An unbounded number of canard limit cycles in linear regularizations of piecewise linear systems
Renato Huzak, Otavio Henrique Perez
TL;DR
The paper addresses whether linear regularizations of planar piecewise-linear systems with non-monotone transition functions can yield arbitrarily many canard-type limit cycles. It introduces two generic breaking mechanisms—Hopf breaking (one critical point in $(-1,1)$) and jump breaking (three critical points)—and uses the slow divergence integral to translate zeros into hyperbolic cycles. By constructing X,Y and families of transition functions φ_k (with one critical point) and φ_{b,k} (with three critical points), the authors prove that for each target count $k$, there exist regularization parameters and small ε>0 such that at least $k+1$ hyperbolic canard cycles appear inside the regularization stripe.
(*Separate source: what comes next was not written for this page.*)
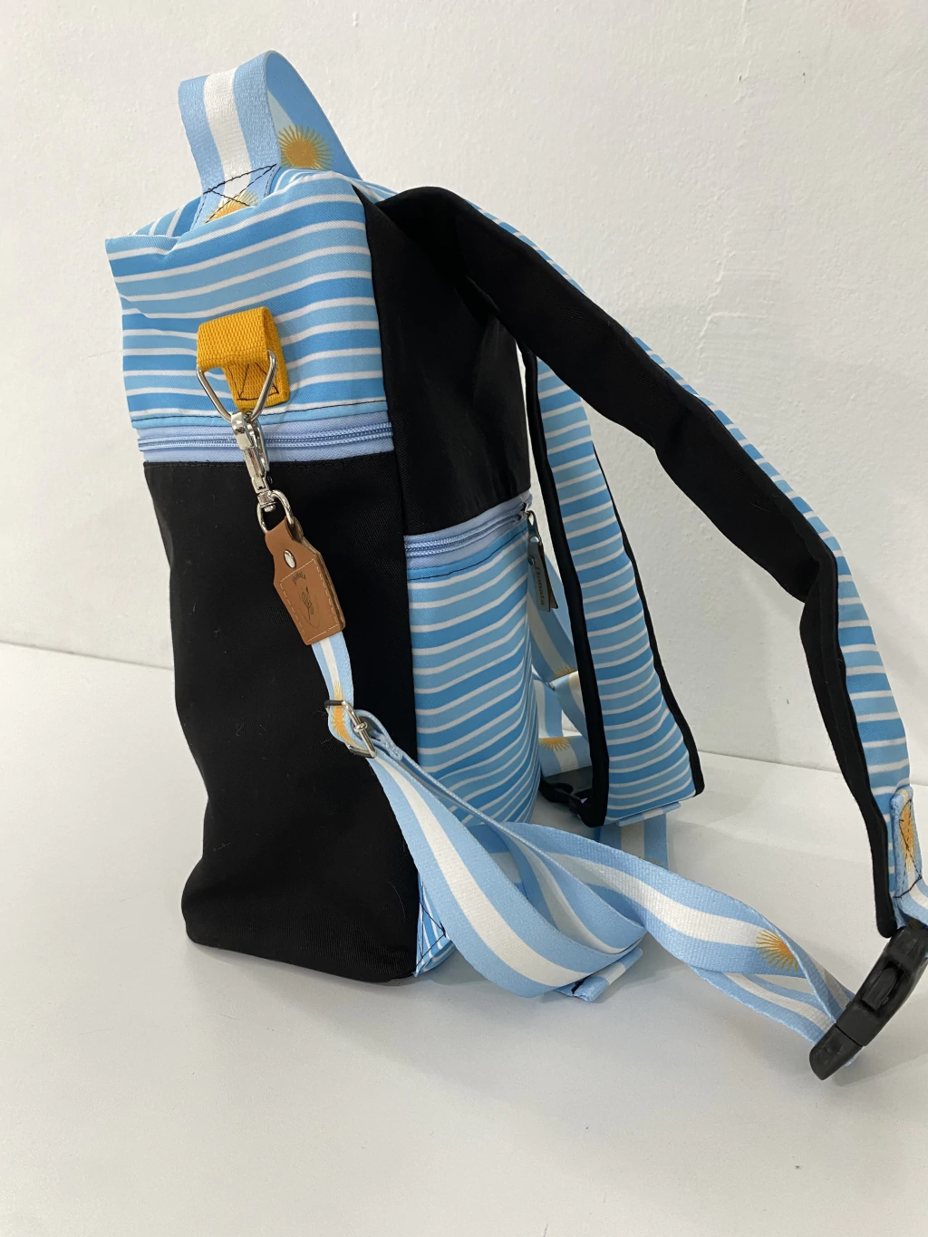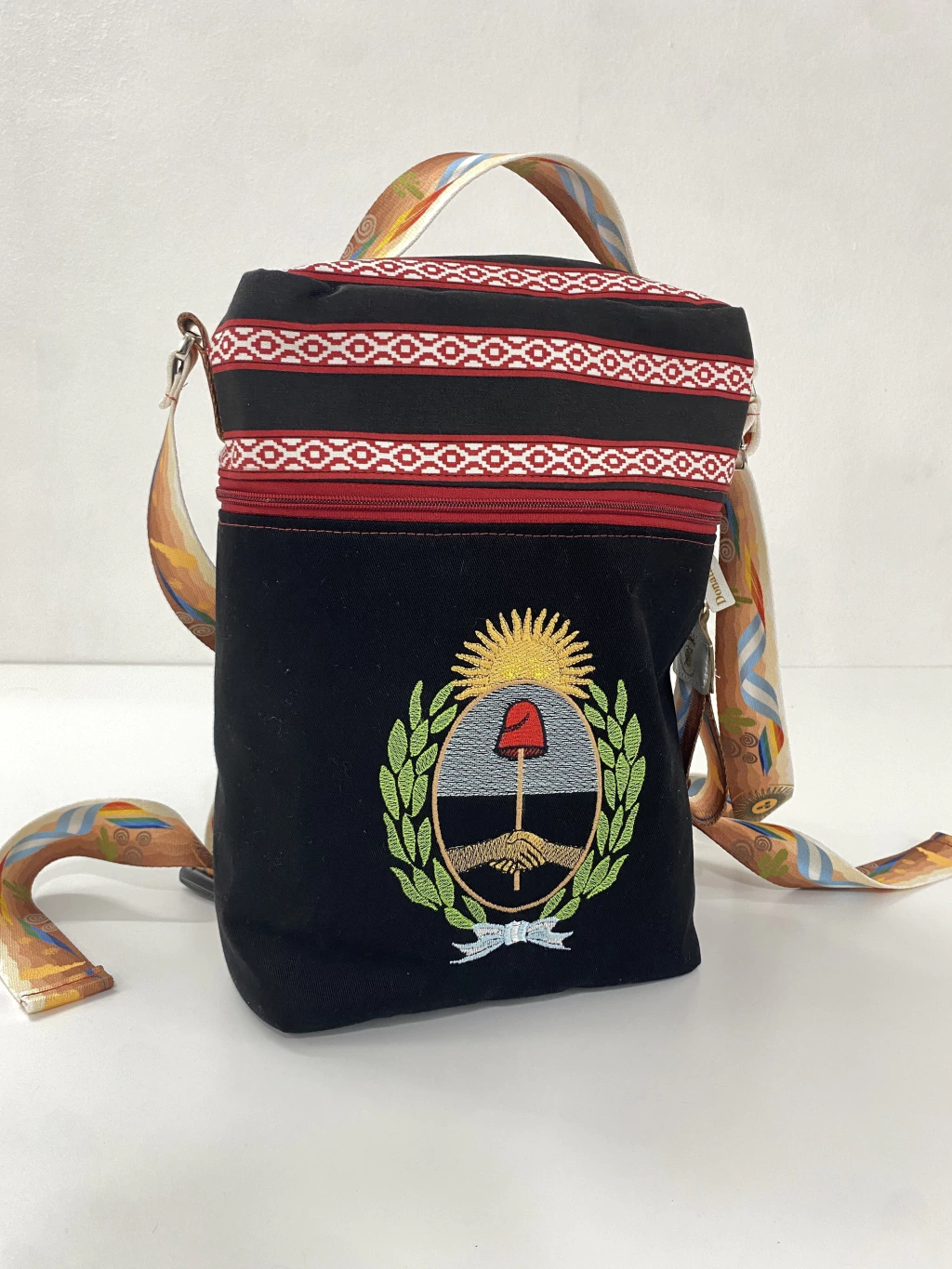 No solo tiene bordado Argento, tiene tela guarda pampa y las cintas son con estampados de Argentina como puede ser el Norte Argentino y el sur argentino.

The work advances the understanding of unbounded canard cycles in linear regularizations of PWL systems and connects slow-fast theory, Liénard reductions, and explicit transition-function design, with implications for Hilbert-type problems in slow-fast dynamics.
Abstract
The purpose of this paper is to study the number of limit cycles of canard type in linear regularizations of piecewise linear systems with non-monotonic transition functions. Using the notion of slow divergence integral and elementary breaking mechanisms, we construct systems with an arbitrary finite number of hyperbolic limit cycles. The Hopf breaking mechanism deals with transition functions with precisely one critical point in the interval $(-1,1)$. On the other hand, the jump breaking mechanism produces any number of limit cycles using transition functions with precisely three critical points in $(-1,1)$.